The size of the civil penalties levied against companies has varied widely, from $300,000 (Arab Global) to $30 million (Deutsche Bank AG and Deutsche Bank Securities Inc.). There have not been any NPAs for companies. Some takeaways: 
  • In the highest penalty cases, there were egregious, explicit communications by traders about plans to spoof.
  • The higher penalty cases also included cooperating individual witnesses.
  • The two highest penalties for companies (Citigroup and Deutsche Bank) included failure to supervise charges. Accordingly, a key takeaway is that firms need to have monitoring systems that not only identify questionable trades but also ensure that these get investigated and addressed.
  • The lower penalty cases featured self-reporting and/or other cooperation.

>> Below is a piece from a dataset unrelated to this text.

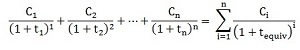 c) A la fecha de formalización del contrato de crédito sindicado, se determinará el spread de mercado asociado a dicho contrato, el cual será igual a la diferencia entre la tasa del crédito y la tasa libre de riesgo equivalente (tequiv). Esta última se calculará a partir de la siguiente fórmula, siendo las tasas t1,t2,…,tn aquellas tasas libres de riesgo correspondientes a cada uno de los plazos de cada cuota del crédito sindicado:

Criteria in evaluating possible spoofing. In the absence of any direct evidence of intent to cancel before execution, the question is what types of trading activity can give rise to an inference of intent. The following trading patterns have been scrutinized by authorities: 
  • Orders on both sides of market (i.e., to buy and to sell), with size discrepancy between the two sides;
  • Use of “iceberg orders” (concealing the true size of the order) on one side of the market only (CFTC v. Mohan);
  • Canceling a buy order and simultaneously switching it to a sell order at the same price (or vice versa) (CFTC v. Oystacher/3 Red Trading);
  • Placing multiple orders at different price levels and canceling before they are filled (CFTC v. Sarao);
  • Submitting or cancelling bids or offers to overload the quotation system or to delay other entities’ executions of trades; and
  • A high percentage of canceled or modified orders compared to total orders (Coscia, Sarao, Flotron)

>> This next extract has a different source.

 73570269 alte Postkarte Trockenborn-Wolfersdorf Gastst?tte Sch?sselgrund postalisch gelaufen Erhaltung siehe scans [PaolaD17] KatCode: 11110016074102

Monitoring to catch spoofing. McArthur noted that exchanges, regulators, and enforcement authorities have an expectation that trading firms are monitoring their trading activity to identify and prevent spoofing. Although potentially subject to circularity and hindsight bias, intent has successfully been inferred based entirely on trading patterns and does not depend on direct evidence like communications. Spoofing is not always easy to detect, but monitoring the following can potentially identify questionable trades:
  • Order imbalance (a large size order on one side of the market and a small order on the other);
  • Percentages of cancellations within certain parameters, such as comparing cancellations in a given time period relative to the total number of cancellations for the day;
  • Message frequencies;
  • Other factors that may be contributing to increased messaging or cancellations (e.g., two or more algorithms crossing, unusual market activity, volatility, etc.).
As demonstrated by the cases, particularly those involving high penalties for failure to supervise, it’s essential for compliance departments to investigate and address all trades that raise red flags.